→ WHAT YOU WILL DO
Only text is carried over. Reproduce the entries below exactly.
[Start of Attachment]
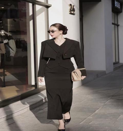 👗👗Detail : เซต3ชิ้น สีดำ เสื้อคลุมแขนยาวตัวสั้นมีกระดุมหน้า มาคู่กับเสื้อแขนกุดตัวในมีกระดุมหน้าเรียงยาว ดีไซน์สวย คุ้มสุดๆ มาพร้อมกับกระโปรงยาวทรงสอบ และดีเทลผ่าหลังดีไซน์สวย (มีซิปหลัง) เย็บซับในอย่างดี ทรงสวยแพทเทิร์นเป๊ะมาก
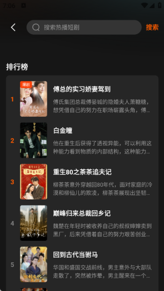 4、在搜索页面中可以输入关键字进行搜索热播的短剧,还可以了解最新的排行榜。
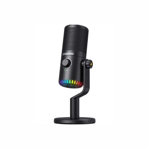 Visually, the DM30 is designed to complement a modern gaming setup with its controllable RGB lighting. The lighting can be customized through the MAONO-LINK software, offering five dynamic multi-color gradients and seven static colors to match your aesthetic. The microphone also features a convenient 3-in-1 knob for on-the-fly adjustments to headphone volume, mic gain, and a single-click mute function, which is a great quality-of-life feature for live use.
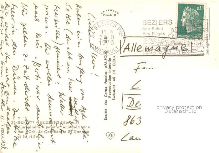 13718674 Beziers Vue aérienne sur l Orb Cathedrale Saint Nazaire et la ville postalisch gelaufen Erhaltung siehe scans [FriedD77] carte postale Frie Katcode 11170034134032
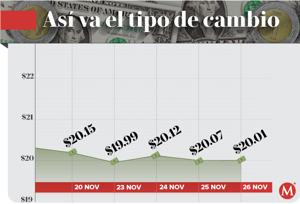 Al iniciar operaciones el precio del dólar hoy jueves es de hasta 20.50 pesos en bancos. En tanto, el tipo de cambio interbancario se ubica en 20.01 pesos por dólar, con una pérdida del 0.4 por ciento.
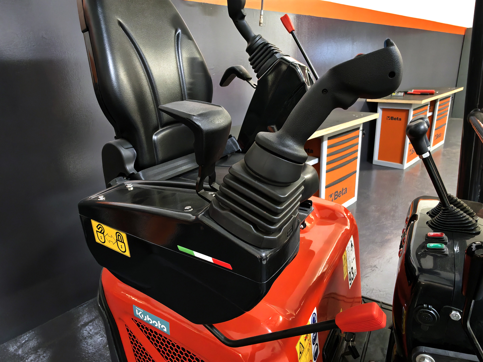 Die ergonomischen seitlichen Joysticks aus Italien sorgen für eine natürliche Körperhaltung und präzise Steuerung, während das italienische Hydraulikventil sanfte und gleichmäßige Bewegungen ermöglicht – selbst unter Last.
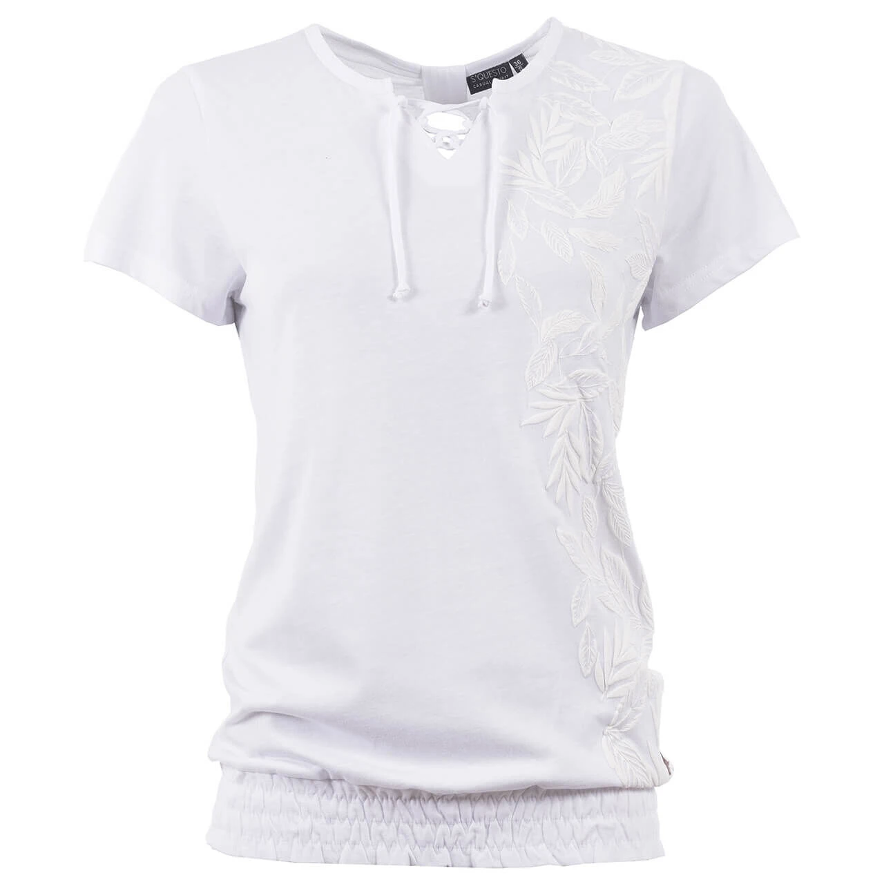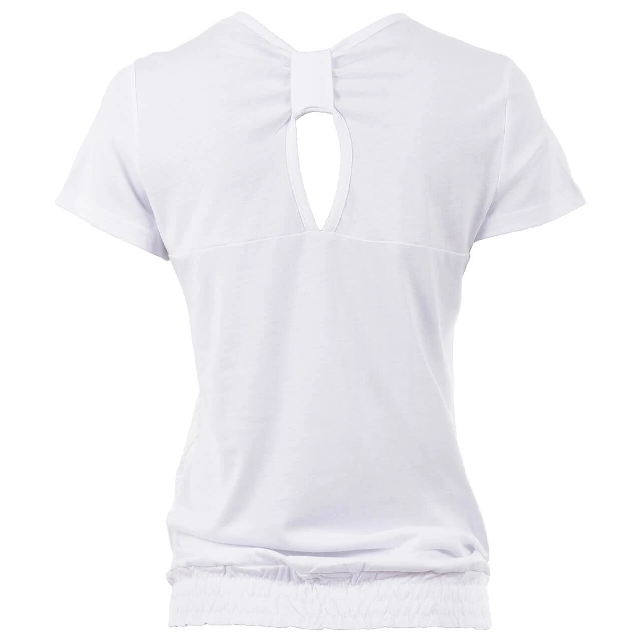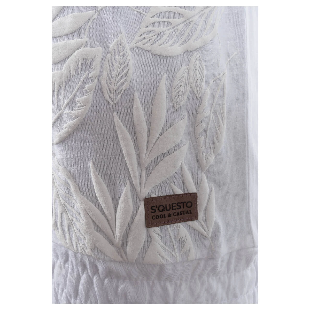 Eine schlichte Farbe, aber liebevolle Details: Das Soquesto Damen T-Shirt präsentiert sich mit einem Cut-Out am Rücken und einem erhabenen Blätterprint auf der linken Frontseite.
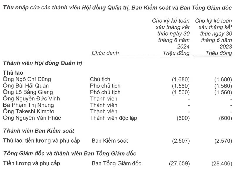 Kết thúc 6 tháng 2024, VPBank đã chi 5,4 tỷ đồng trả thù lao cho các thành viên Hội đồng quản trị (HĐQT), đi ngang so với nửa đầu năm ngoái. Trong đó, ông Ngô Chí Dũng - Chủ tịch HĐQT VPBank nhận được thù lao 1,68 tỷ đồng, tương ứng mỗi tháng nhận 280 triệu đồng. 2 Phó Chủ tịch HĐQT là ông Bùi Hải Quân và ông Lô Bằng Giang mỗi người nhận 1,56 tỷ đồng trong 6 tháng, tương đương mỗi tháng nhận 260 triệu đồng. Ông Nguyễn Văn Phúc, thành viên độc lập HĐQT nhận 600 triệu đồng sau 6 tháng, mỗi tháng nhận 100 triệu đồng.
[End of Attachment]
→ TASK RESULT
 👗👗Detail : เซต3ชิ้น สีดำ เสื้อคลุมแขนยาวตัวสั้นมีกระดุมหน้า มาคู่กับเสื้อแขนกุดตัวในมีกระดุมหน้าเรียงยาว ดีไซน์สวย คุ้มสุดๆ มาพร้อมกับกระโปรงยาวทรงสอบ และดีเทลผ่าหลังดีไซน์สวย (มีซิปหลัง) เย็บซับในอย่างดี ทรงสวยแพทเทิร์นเป๊ะมาก
 4、在搜索页面中可以输入关键字进行搜索热播的短剧,还可以了解最新的排行榜。
 Visually, the DM30 is designed to complement a modern gaming setup with its controllable RGB lighting. The lighting can be customized through the MAONO-LINK software, offering five dynamic multi-color gradients and seven static colors to match your aesthetic. The microphone also features a convenient 3-in-1 knob for on-the-fly adjustments to headphone volume, mic gain, and a single-click mute function, which is a great quality-of-life feature for live use.
 13718674 Beziers Vue aérienne sur l Orb Cathedrale Saint Nazaire et la ville postalisch gelaufen Erhaltung siehe scans [FriedD77] carte postale Frie Katcode 11170034134032
 Al iniciar operaciones el precio del dólar hoy jueves es de hasta 20.50 pesos en bancos. En tanto, el tipo de cambio interbancario se ubica en 20.01 pesos por dólar, con una pérdida del 0.4 por ciento.
 Die ergonomischen seitlichen Joysticks aus Italien sorgen für eine natürliche Körperhaltung und präzise Steuerung, während das italienische Hydraulikventil sanfte und gleichmäßige Bewegungen ermöglicht – selbst unter Last.
 Eine schlichte Farbe, aber liebevolle Details: Das Soquesto Damen T-Shirt präsentiert sich mit einem Cut-Out am Rücken und einem erhabenen Blätterprint auf der linken Frontseite.
 Kết thúc 6 tháng 2024, VPBank đã chi 5,4 tỷ đồng trả thù lao cho các thành viên Hội đồng quản trị (HĐQT), đi ngang so với nửa đầu năm ngoái. Trong đó, ông Ngô Chí Dũng - Chủ tịch HĐQT VPBank nhận được thù lao 1,68 tỷ đồng, tương ứng mỗi tháng nhận 280 triệu đồng. 2 Phó Chủ tịch HĐQT là ông Bùi Hải Quân và ông Lô Bằng Giang mỗi người nhận 1,56 tỷ đồng trong 6 tháng, tương đương mỗi tháng nhận 260 triệu đồng. Ông Nguyễn Văn Phúc, thành viên độc lập HĐQT nhận 600 triệu đồng sau 6 tháng, mỗi tháng nhận 100 triệu đồng.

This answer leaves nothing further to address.